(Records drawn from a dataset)
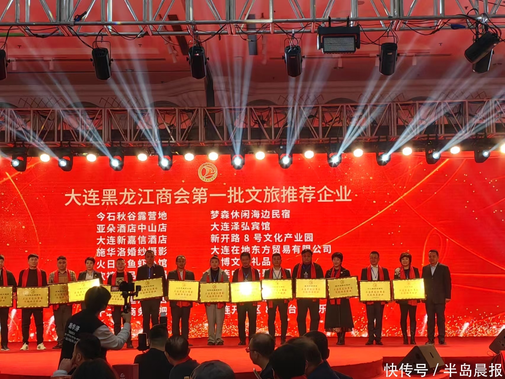 在表彰大会上,商会执行会长兼秘书长宋长有重温了商会16年来的发展历程,感谢全体商会会员和两地领导的大力支持,希望未来继续努力为推动地方经济发展和社会进步贡献更多的龙商力量。大会同时为新一届商会妇女联合会授牌,并为大连市文旅进行推介,播放了大连市文旅宣传片,邀请大连市文旅局为大连黑龙江商会第一批推荐的文旅企业授牌。
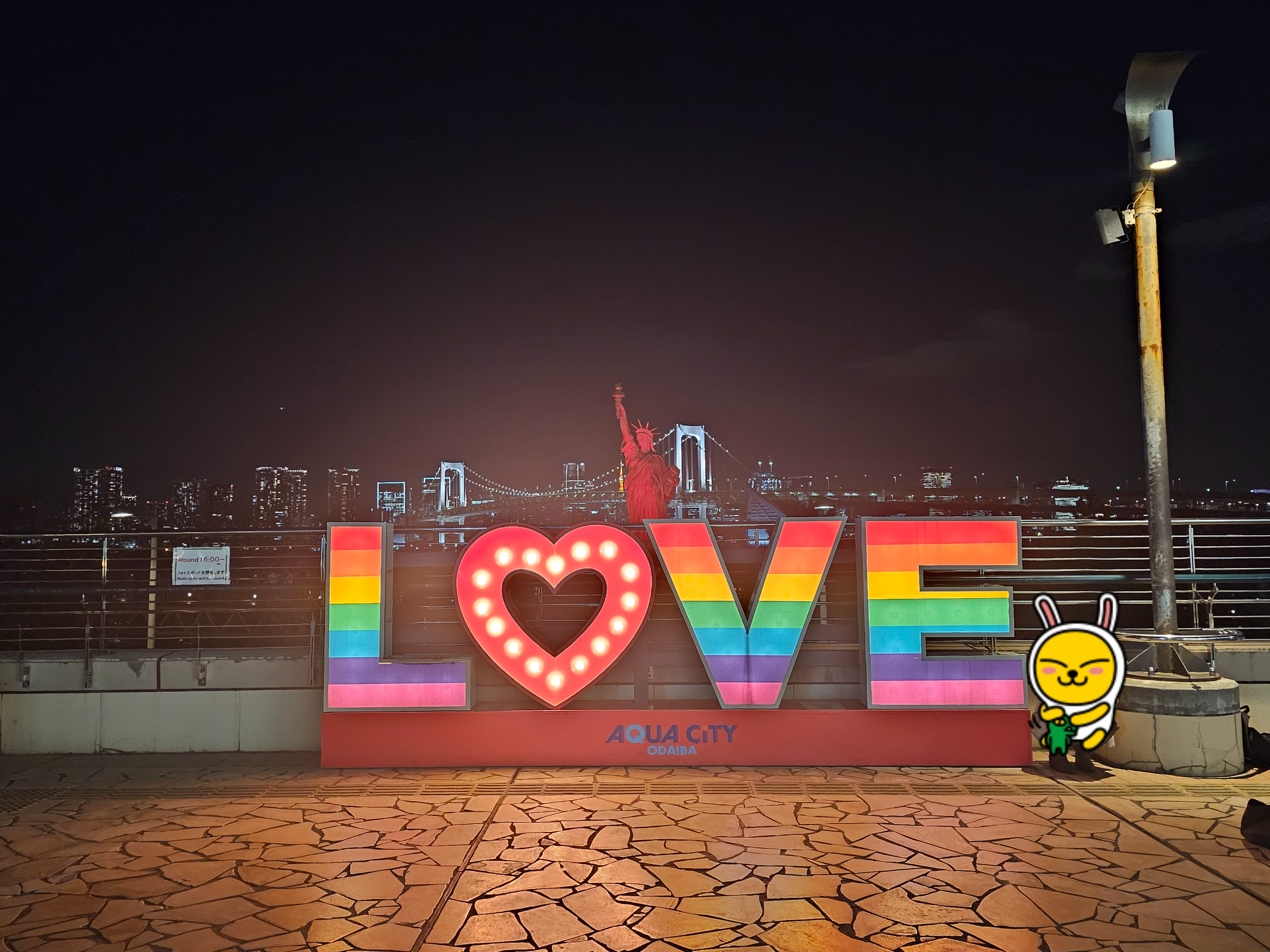 오다이바의 러브 전광판(?)과 자유의 여신상(?)
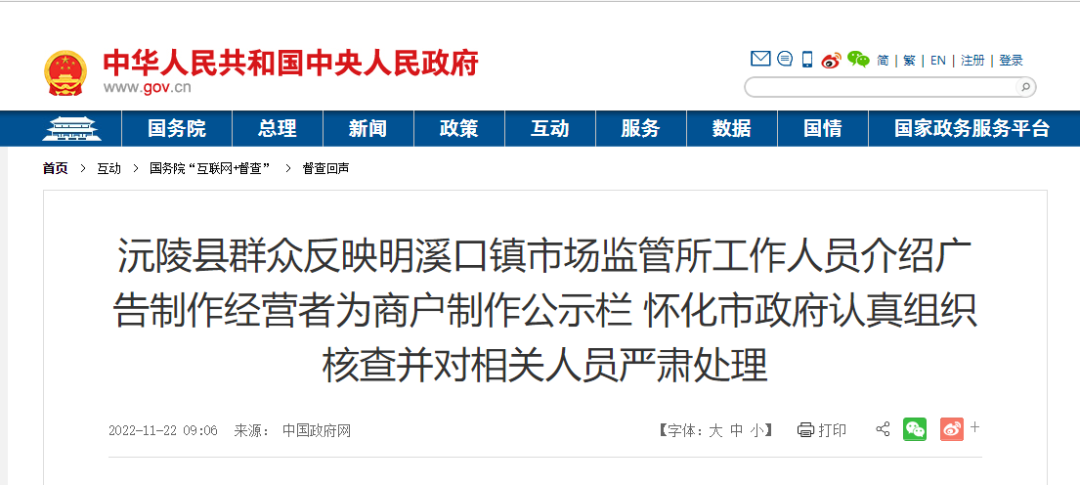 沅陵縣群眾反映明溪口鎮(zhèn)市場監(jiān)管所工作人員介紹廣告制作經(jīng)營者為商戶制作公示欄 懷化市政府認(rèn)真組織核查并對相關(guān)人員嚴(yán)肅處理2022-11-22 來源:中國政府網(wǎng) 沅陵縣劉先生通過
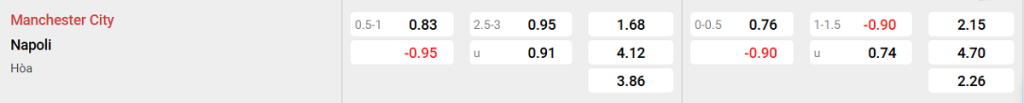 Bảng tỉ lệ kèo Man City vs Napoli:
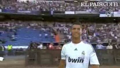Cristiano Ronaldo, el fichaje más caro de la historia del fútbol, se presentó en un estadio Santiago Bernabéu prácticamente lleno luciendo por primera vez la camiseta del Real Madrid con el número nueve a la espalda.Vídeo: AGENCIA ATLAS

■ Work to complete ■
Nothing but the lines from the first line of the records above to the line with "오다이바의 러브 전광판(?)과 자유의 여신상(?)", inclusive, should be transcribed exactly, and the pictures must be left out.

■ Exercise response ■
 在表彰大会上,商会执行会长兼秘书长宋长有重温了商会16年来的发展历程,感谢全体商会会员和两地领导的大力支持,希望未来继续努力为推动地方经济发展和社会进步贡献更多的龙商力量。大会同时为新一届商会妇女联合会授牌,并为大连市文旅进行推介,播放了大连市文旅宣传片,邀请大连市文旅局为大连黑龙江商会第一批推荐的文旅企业授牌。
 오다이바의 러브 전광판(?)과 자유의 여신상(?)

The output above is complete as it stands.